» SOURCE MATERIAL

::::

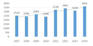 впродовж 2007-2014 рр. спостерігається стійка тенденція до зростання кількості
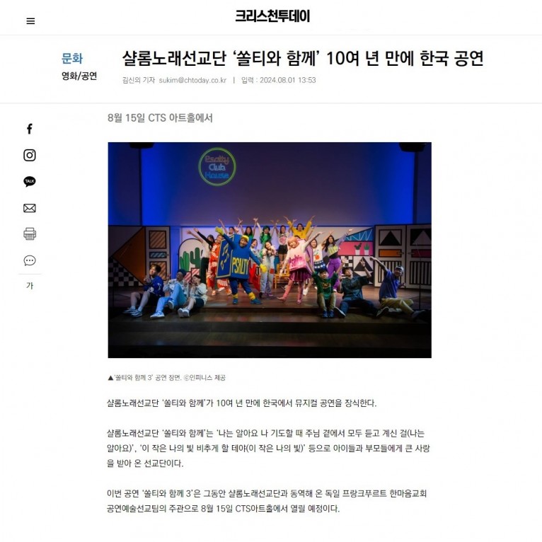 [기사] 샬롬노래선교단 ‘쏠티와 함께’ 10여 년 만에 한국 공연(크리스천투데이)
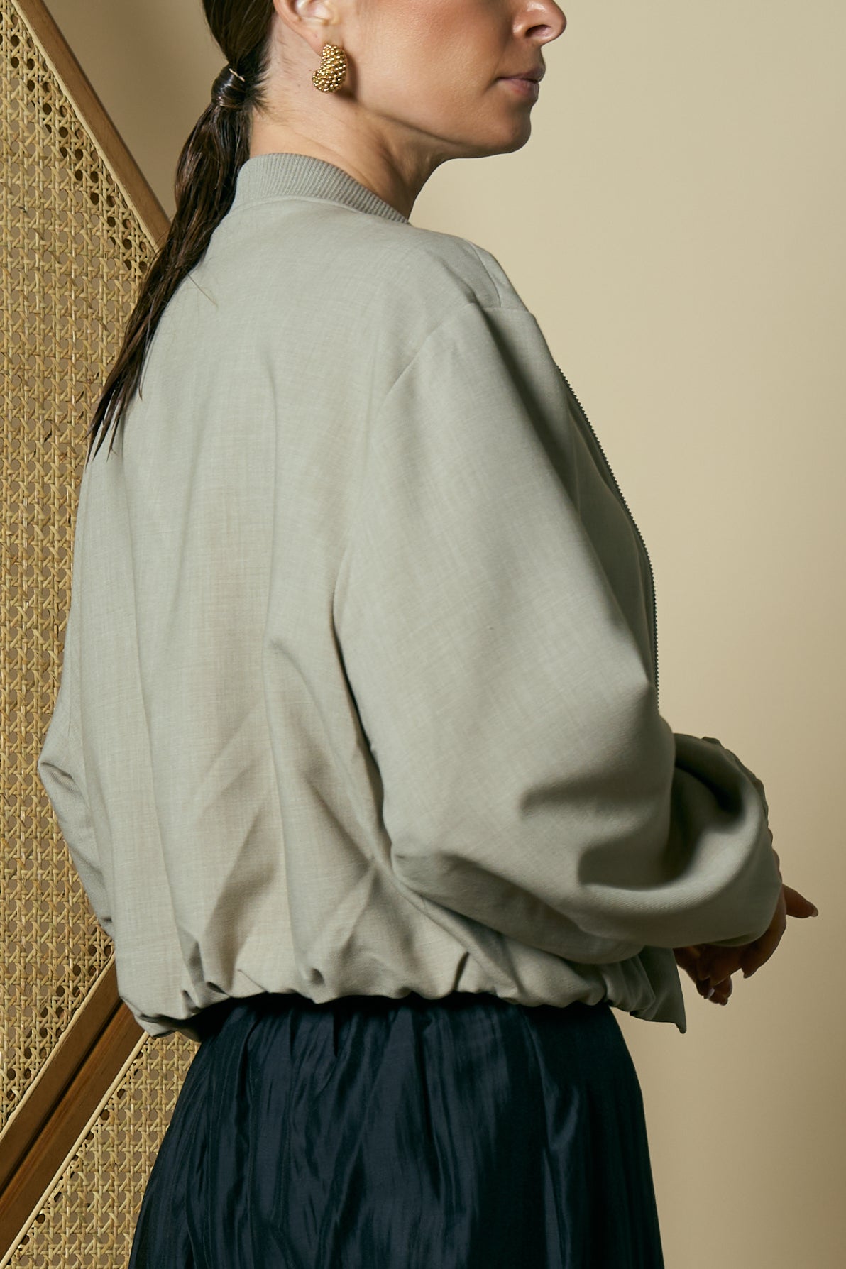 Anna bomber jacket in a sand hue, featuring a front zipper closure, side pockets and long sleeves with elastic cuffs for a comfortable sporty-chic finish
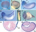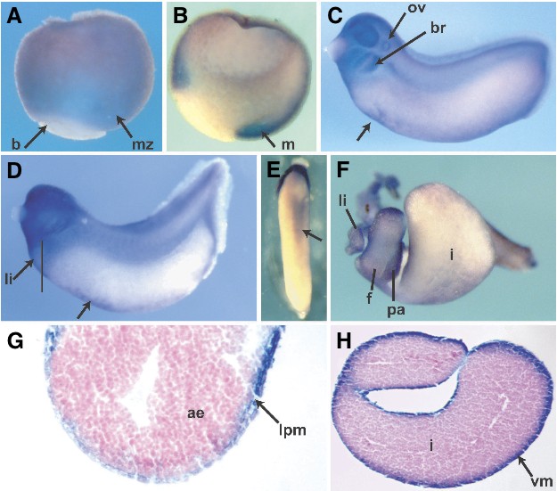 Fig. 4. Developmental expression of C3aR from gastrula to organ bud stage. (A) Whole mount in situ hybridization on a stage 10 gastrula showing expression predominantly in the marginal zone (mz); (b) blastopore. (B) Bissecting the gastrula revealed that the expression is mesodermal (m). In both (A,B) dorsal is to the right. (C) Stage 25 embryo showing expression in both the branchial segment of the neural crest (br) and in the otic vesicle (ov). Anterior is to the left, dorsal to the top. The arrow indicates early ventral blood island expression (VBI). (D) Stage 32 embryo. In addition to strong expression in cephalic structures, the presumptive liver area (li) is sur- rounded by cells expressing C3aR message. Arrow shows VBI expression. (E) Ventral view of same stage 32 embryo showing detail of VBI expression (arrow); head is to the top. (F) Isolated gut tube showing C3aR expression throughout the foregut (f) and presumptive intestine (i), (pa) pancreas. Anterior is to the left. (G) A section through the presumptive liver area (indicated in D) shows expression in lateral plate meso- derm (lpm) surrounding the anterior endoderm (ae). (H) Section through isolated gut showing staining in visceral mesoderm (vm), surrounding the presumptive intestine.

::::

» PROBLEM TO WORK ON
Could you output the listing word for word, omitting every picture?

» ANSWER TO THIS TASK
 впродовж 2007-2014 рр. спостерігається стійка тенденція до зростання кількості
 [기사] 샬롬노래선교단 ‘쏠티와 함께’ 10여 년 만에 한국 공연(크리스천투데이)
 Anna bomber jacket in a sand hue, featuring a front zipper closure, side pockets and long sleeves with elastic cuffs for a comfortable sporty-chic finish
 Fig. 4. Developmental expression of C3aR from gastrula to organ bud stage. (A) Whole mount in situ hybridization on a stage 10 gastrula showing expression predominantly in the marginal zone (mz); (b) blastopore. (B) Bissecting the gastrula revealed that the expression is mesodermal (m). In both (A,B) dorsal is to the right. (C) Stage 25 embryo showing expression in both the branchial segment of the neural crest (br) and in the otic vesicle (ov). Anterior is to the left, dorsal to the top. The arrow indicates early ventral blood island expression (VBI). (D) Stage 32 embryo. In addition to strong expression in cephalic structures, the presumptive liver area (li) is sur- rounded by cells expressing C3aR message. Arrow shows VBI expression. (E) Ventral view of same stage 32 embryo showing detail of VBI expression (arrow); head is to the top. (F) Isolated gut tube showing C3aR expression throughout the foregut (f) and presumptive intestine (i), (pa) pancreas. Anterior is to the left. (G) A section through the presumptive liver area (indicated in D) shows expression in lateral plate meso- derm (lpm) surrounding the anterior endoderm (ae). (H) Section through isolated gut showing staining in visceral mesoderm (vm), surrounding the presumptive intestine.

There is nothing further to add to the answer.